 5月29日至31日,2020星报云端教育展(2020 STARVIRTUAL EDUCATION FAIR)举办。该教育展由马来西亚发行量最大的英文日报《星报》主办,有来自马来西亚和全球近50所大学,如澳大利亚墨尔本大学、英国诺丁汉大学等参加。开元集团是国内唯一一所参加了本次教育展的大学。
* * *
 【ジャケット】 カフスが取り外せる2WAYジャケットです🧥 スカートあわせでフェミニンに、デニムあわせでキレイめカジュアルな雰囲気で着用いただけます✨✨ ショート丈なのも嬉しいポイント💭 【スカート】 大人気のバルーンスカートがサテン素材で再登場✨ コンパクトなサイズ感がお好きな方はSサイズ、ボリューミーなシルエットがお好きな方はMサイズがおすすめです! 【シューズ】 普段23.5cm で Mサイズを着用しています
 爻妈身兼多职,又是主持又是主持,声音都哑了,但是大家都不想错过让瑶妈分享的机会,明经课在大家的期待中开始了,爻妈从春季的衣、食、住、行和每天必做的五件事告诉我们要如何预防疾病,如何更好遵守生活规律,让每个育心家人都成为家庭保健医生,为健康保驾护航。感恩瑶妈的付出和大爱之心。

*DESCRIPTION OF THE TASK*. Within the material above, output exactly the lines from the one with "普段23.5cm で Mサイズを着用しています" through the one with "爻妈身兼多职,又是主持又是主", end lines included, and nothing besides.

*SOLUTION FOR THIS EXERCISE*.
 【ジャケット】 カフスが取り外せる2WAYジャケットです🧥 スカートあわせでフェミニンに、デニムあわせでキレイめカジュアルな雰囲気で着用いただけます✨✨ ショート丈なのも嬉しいポイント💭 【スカート】 大人気のバルーンスカートがサテン素材で再登場✨ コンパクトなサイズ感がお好きな方はSサイズ、ボリューミーなシルエットがお好きな方はMサイズがおすすめです! 【シューズ】 普段23.5cm で Mサイズを着用しています
 爻妈身兼多职,又是主持又是主持,声音都哑了,但是大家都不想错过让瑶妈分享的机会,明经课在大家的期待中开始了,爻妈从春季的衣、食、住、行和每天必做的五件事告诉我们要如何预防疾病,如何更好遵守生活规律,让每个育心家人都成为家庭保健医生,为健康保驾护航。感恩瑶妈的付出和大爱之心。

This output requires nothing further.